Um ano depois, o Estado sanciona a Resolução nº 141, de maio de 2014, que estabelece procedimentos para a confecção e entrega de Identificação por Nome Social e ainda publica o Decreto nº 13.954, que padroniza o modelo da carteira de identificação por nome social, uma conquista muito significativa que permite o reconhecimento de transexuais e travestis pelo nome com o qual se identificam.
De 1995 para 2023, o Estado atualizou dispositivos, homologou propostas de conferências LGBTQIA+, criou a Subsecretaria de Políticas Públicas LGBT+, instituiu datas, conselhos e comitês, estabeleceu parâmetros de acolhimento em ambientes socioeducativos e criou a Comissão Especial Processante, ligada ao Centro Estadual de Cidadania LGBT.
Pesquisadora sobre gênero e sexualidade, a antropóloga Daniella Chagas Mesquita enfatiza a percepção que teve ao acompanhar durante um ano todos os eventos LGBTQIA+ realizados pelo Governo ou que tinha o Estado como parceiro.
“Foi possível perceber como Mato Grosso do Sul, através da Subsecretaria conseguiu institucionalizar caminhos e ter mais poder de diálogo, até por estar logo abaixo da Secretaria de Cidadania. Isso nos oportuniza mais acesso, mais recursos, e o status que se tem então dentro da estrutura governamental é muito bem aproveitado como na ampliação do Centro Estadual de Cidadania LGBT+,” ressalta a pesquisadora.
A carteira de identificação de nome social não só colocou no papel o nome de Bel Siva como tem sido apresentada por ela aos pacientes que atende como assistente social residente do programa Saúde da Família.

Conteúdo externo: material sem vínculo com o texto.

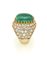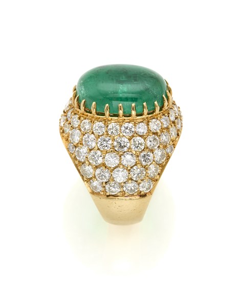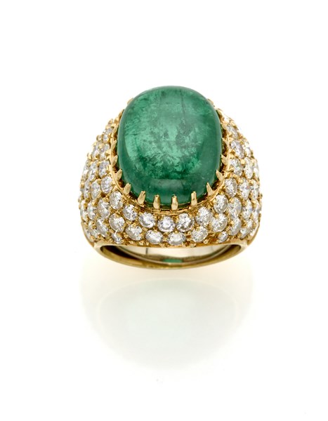 Anello in oro giallo con smeraldo cabochon di ct. 8,50 circa e diamanti a pavé per complessivi ct. 4,80 circa, g 13,09 circa misura 11/51.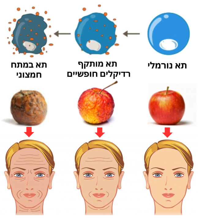 הסיבה העיקרית להזדקנות שלך היא חיצונית ולכן זה הכי הגיוני שכדי להלחם בנזק חיצוני, עליך לחזק את הגוף הפנימי ולהשיב את התא למצב בריא. קרמים יקרים והזרקות הם לא פתרון אמיתי לאנטי- אייג׳ינג, הם רק מסכה שמחמירה את המצב ומביאה להתמכרות תמידית לפתרונות בזק.
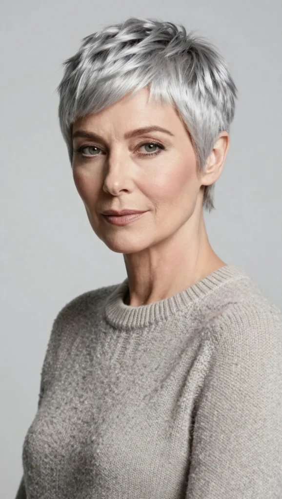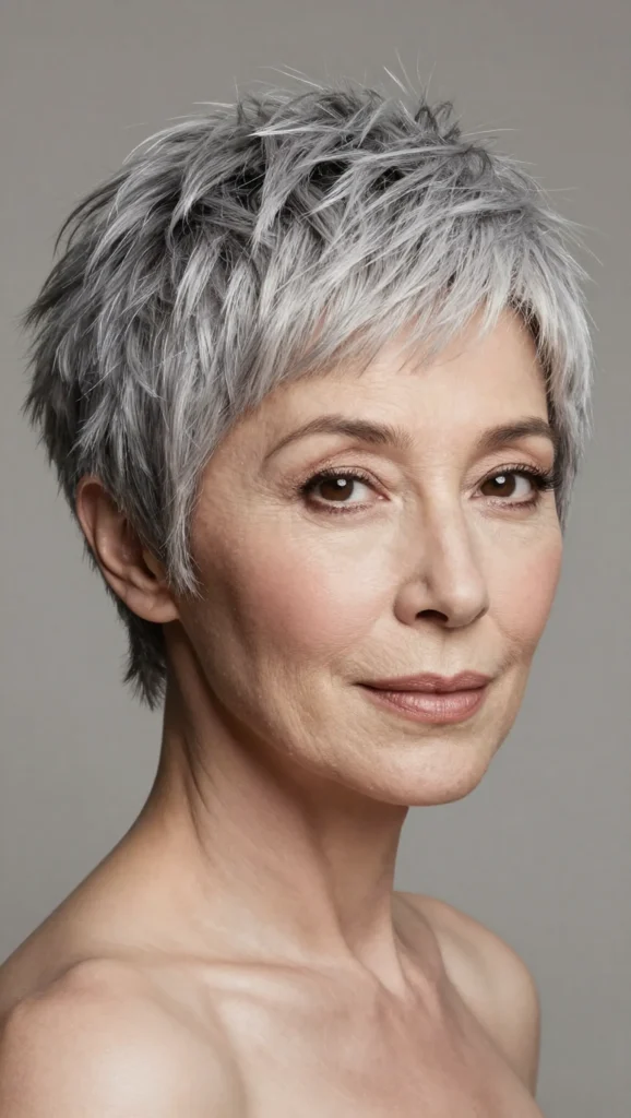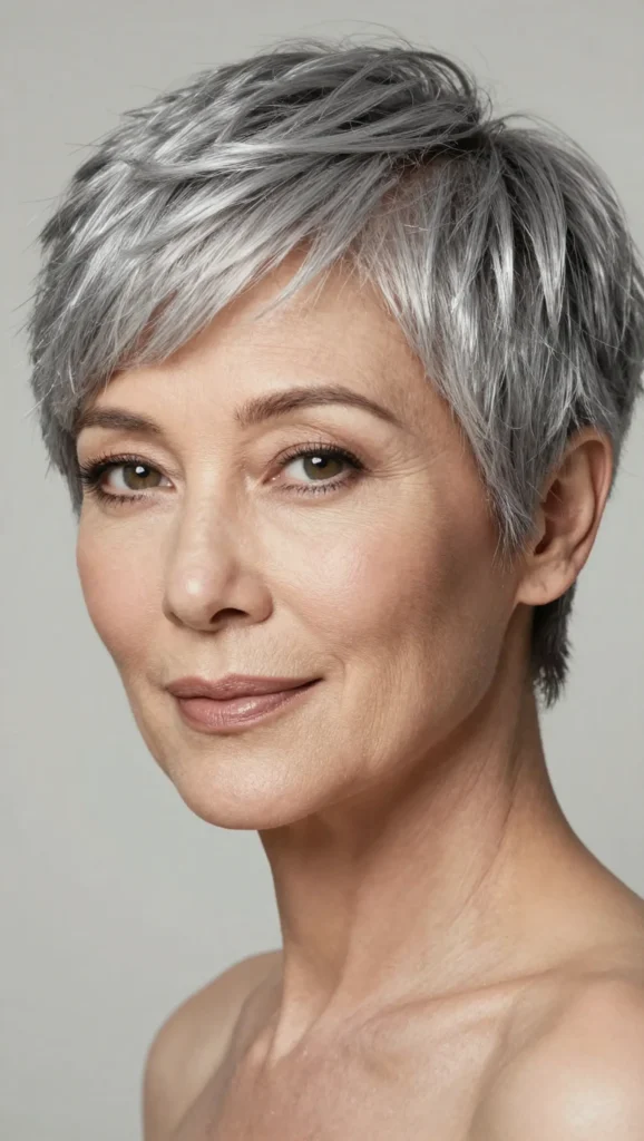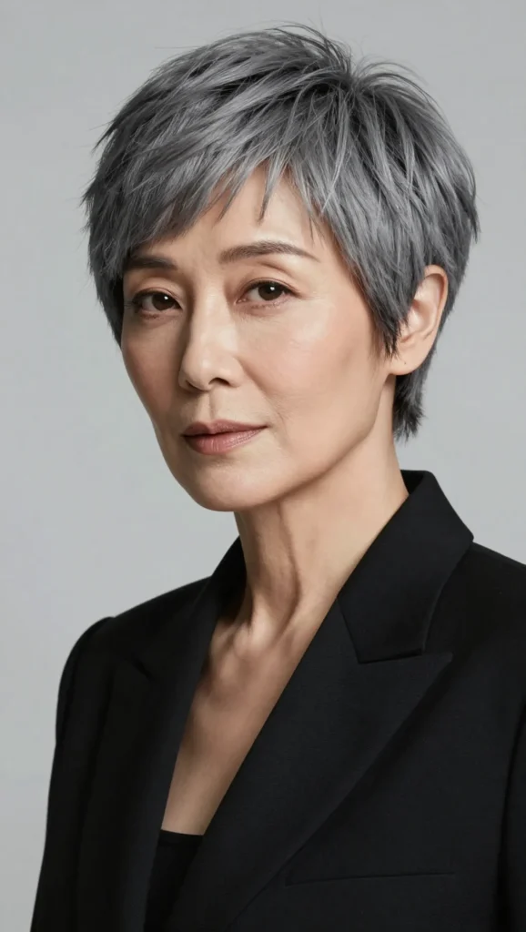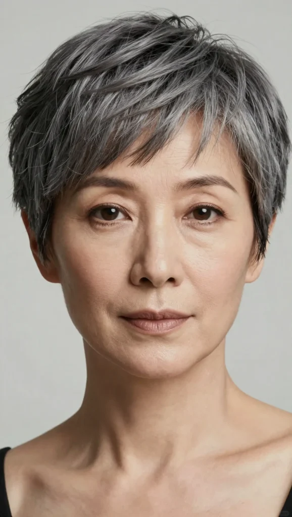 The classic pixie cut is timeless and effortlessly chic. This short gray hairstyle works beautifully with natural gray tones, creating a clean and polished appearance.

Natural do Rio de Janeiro, Bel chegou a Campo Grande em 2022, e uma das primeiras coisas que buscou foi conhecer o que o Estado dispunha de acolhimento e garantia de direitos LGBTQIA+.

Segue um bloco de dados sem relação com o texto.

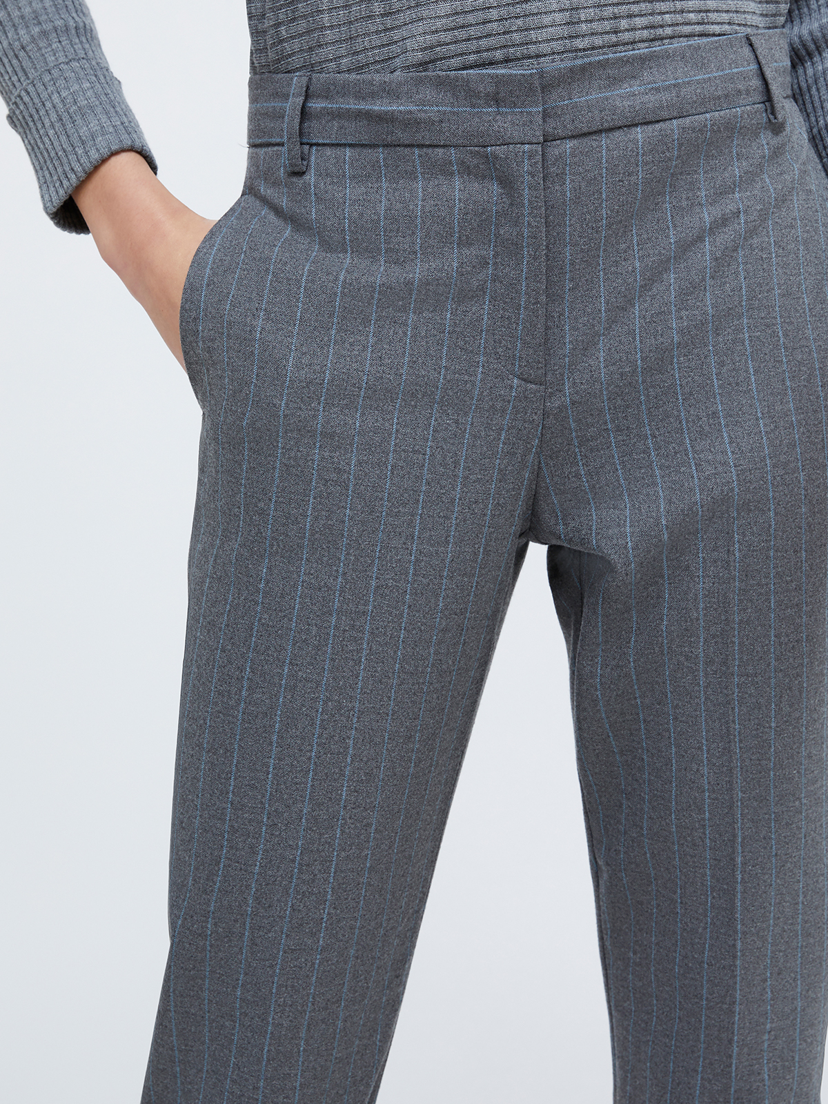 先染めされた繊維から作られた織柄フランネルスリムパンツ。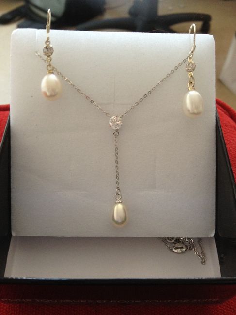 Ma parure pour ma robe! J'ai trouvé mes boucles d'oreilles ds un petit magasin à Londres et grâce à ma merveilleuse maman qui m'a trouvé le collier parfaitement assorti a Histoire d'or me voilà parée ...... Manque plus que les chaussures

“Na unidade tive a alta demanda de pessoas trans e travestis, eu já estava fazendo uma pesquisa do que o território me oferecia, e foi assim que cheguei ao Centro, à Subsecretaria e fui descobrindo todos os serviços deles, a cartilha de atendimento, e mudou tanto a minha vida quanto nos meus atendimentos”, pontua.
Entre as primeiras perguntas aos pacientes trans, Bel questiona se já têm a carteira com nome social, e reproduz passo a passo como solicitar. “Esta documentação ajuda muito em tudo, ela garante direito do respeito do nome e evita que outras barreiras sejam criadas”, diz.
Hoje já com os documentos retificados, a carteira de nome social tem um lugar especial no coração da assistente social.
“As políticas públicas são fundamentais para tentar minimizar a quantidade de violação de direitos que a gente sofre como população, e é muito positivo ter uma subsecretaria que está a todo momento articulando maneiras para que sejam minimizados estes impactos. Eu vejo avanço tanto dos profissionais que estão empenhados nesta luta pela garantia dos direitos bem como das ferramentas de gestão que conseguem apoiar isso e dar muito mais força para os profissionais que estão na ponta”.